■ DESCRIPTION OF THE TASK:
Write down the listing again exactly as it appears below, without its pictures.

Top of INFORMATION SHOWN

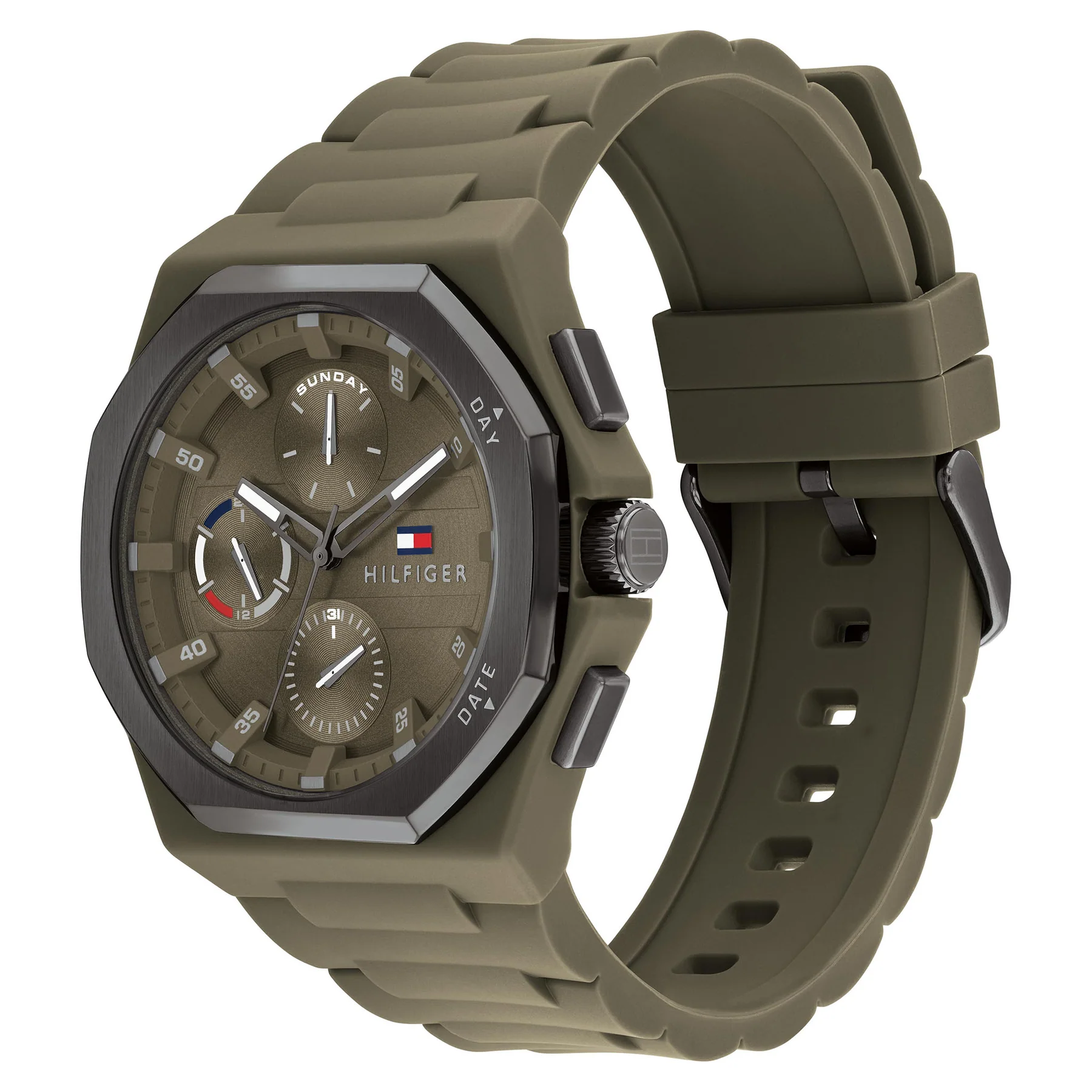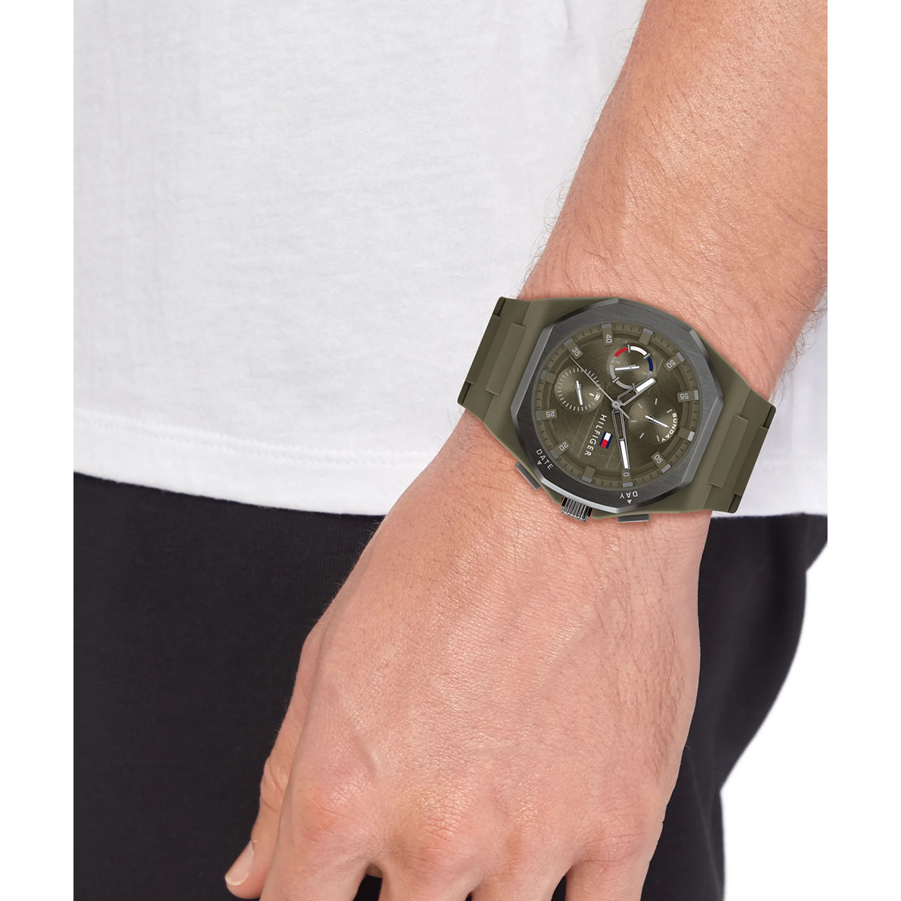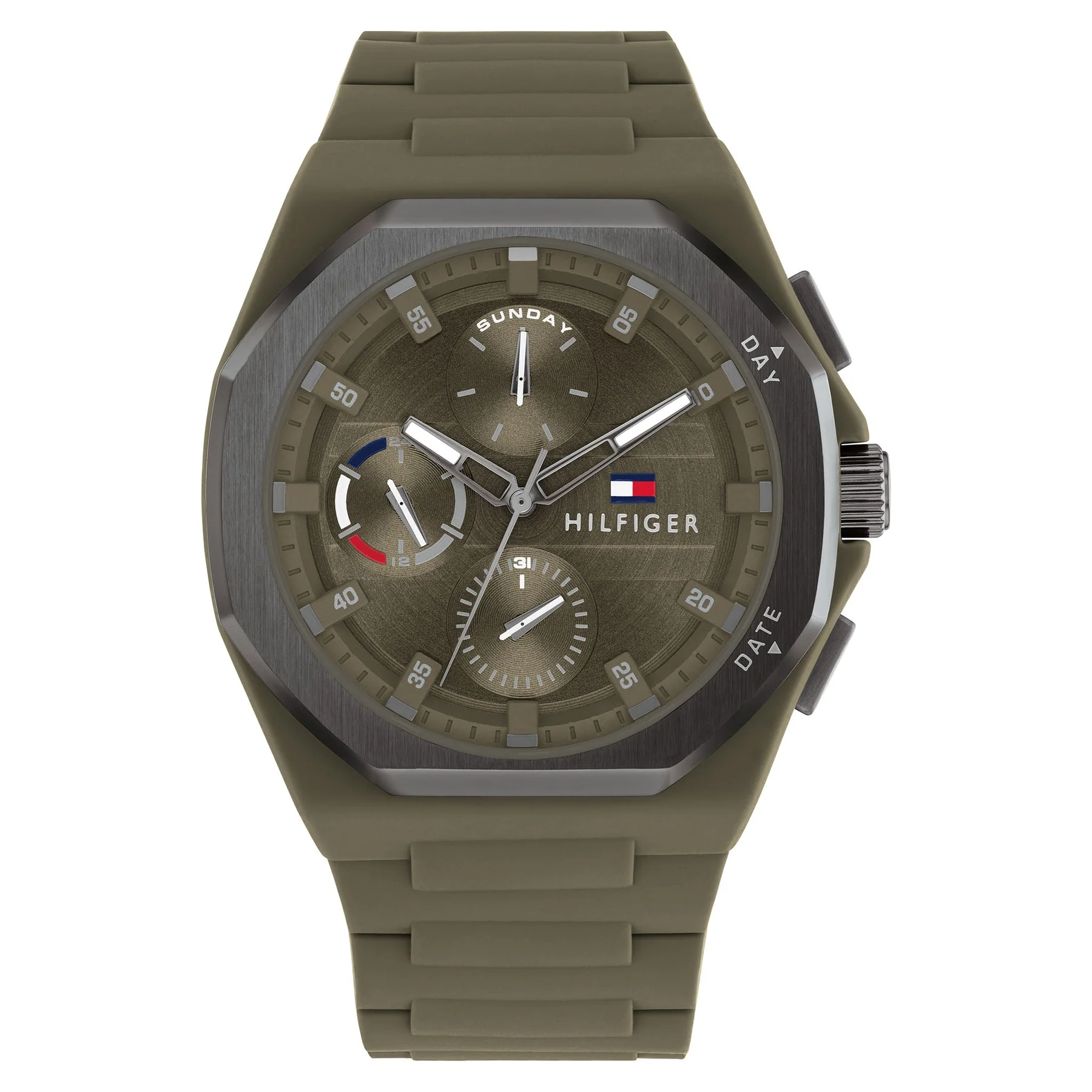 ساعة تومي هيلفيغر للرجال أصلية موديل 1792121 لون اخضر و استيك سليكون مطاط لون اخضر.
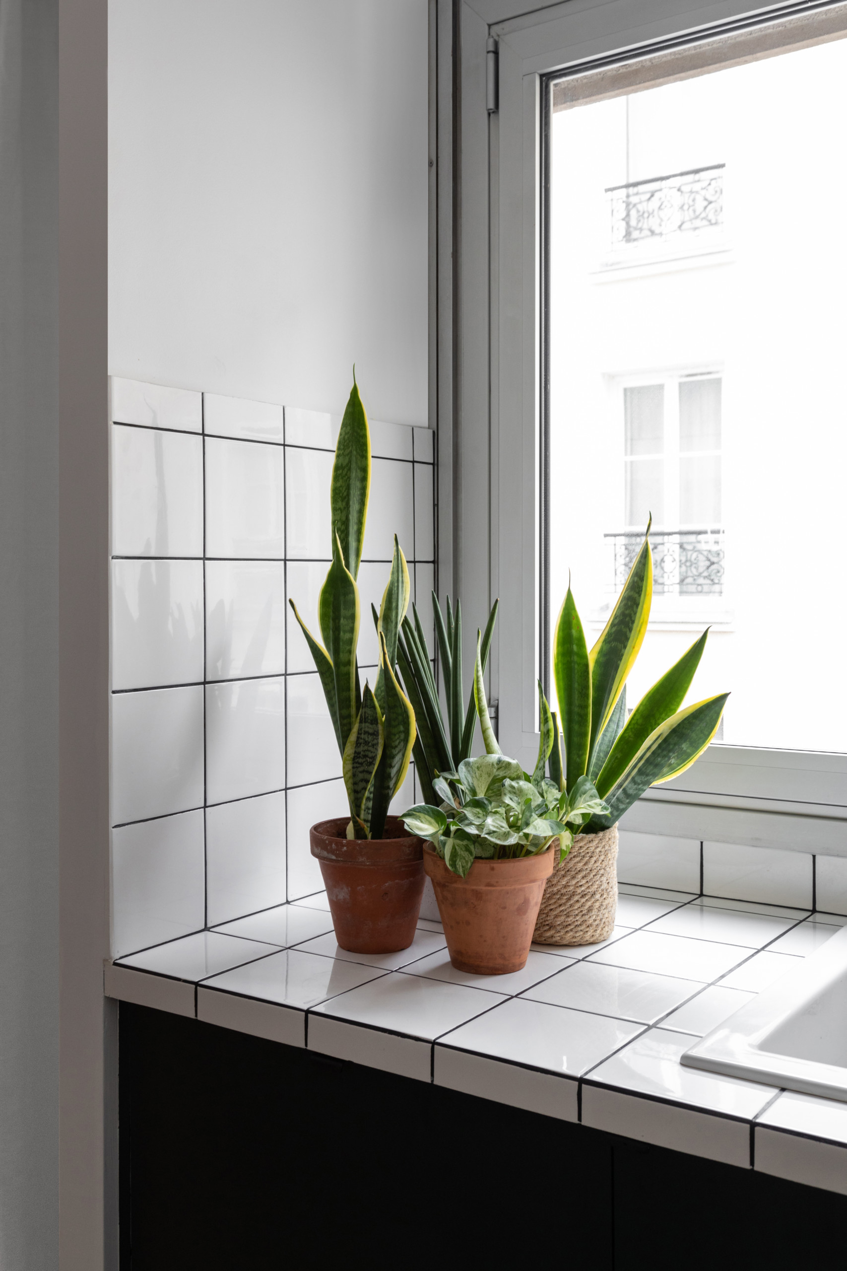 Carrelage Cuisine ouverte Dressing Miroir Mur coloré Plantes
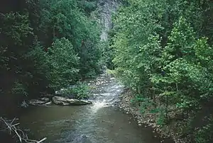The Guest River flows for nearly its entire length in Wise County. It rises in the north-central part of the county and flows initially south-southeastwardly to the city of Norton; then eastwardly to the town of Coeburn; then southeastwardly for the remainder of its course. It flows into the Clinch on the common boundary of Wise and Scott Counties. Portions of the river flow through the Jefferson National Forest.[2] The Guest River's lower course below Coeburn is paralleled by the Guest River Gorge Trail, formerly the Interstate Railroad.[3] The section of river which runs along the Guest River Trail contains multiple class 4 and 5 rapids.

Bottom of INFORMATION SHOWN

■ SOLUTION TO THIS TASK:
 ساعة تومي هيلفيغر للرجال أصلية موديل 1792121 لون اخضر و استيك سليكون مطاط لون اخضر.
 Carrelage Cuisine ouverte Dressing Miroir Mur coloré Plantes
The Guest River flows for nearly its entire length in Wise County. It rises in the north-central part of the county and flows initially south-southeastwardly to the city of Norton; then eastwardly to the town of Coeburn; then southeastwardly for the remainder of its course. It flows into the Clinch on the common boundary of Wise and Scott Counties. Portions of the river flow through the Jefferson National Forest.[2] The Guest River's lower course below Coeburn is paralleled by the Guest River Gorge Trail, formerly the Interstate Railroad.[3] The section of river which runs along the Guest River Trail contains multiple class 4 and 5 rapids.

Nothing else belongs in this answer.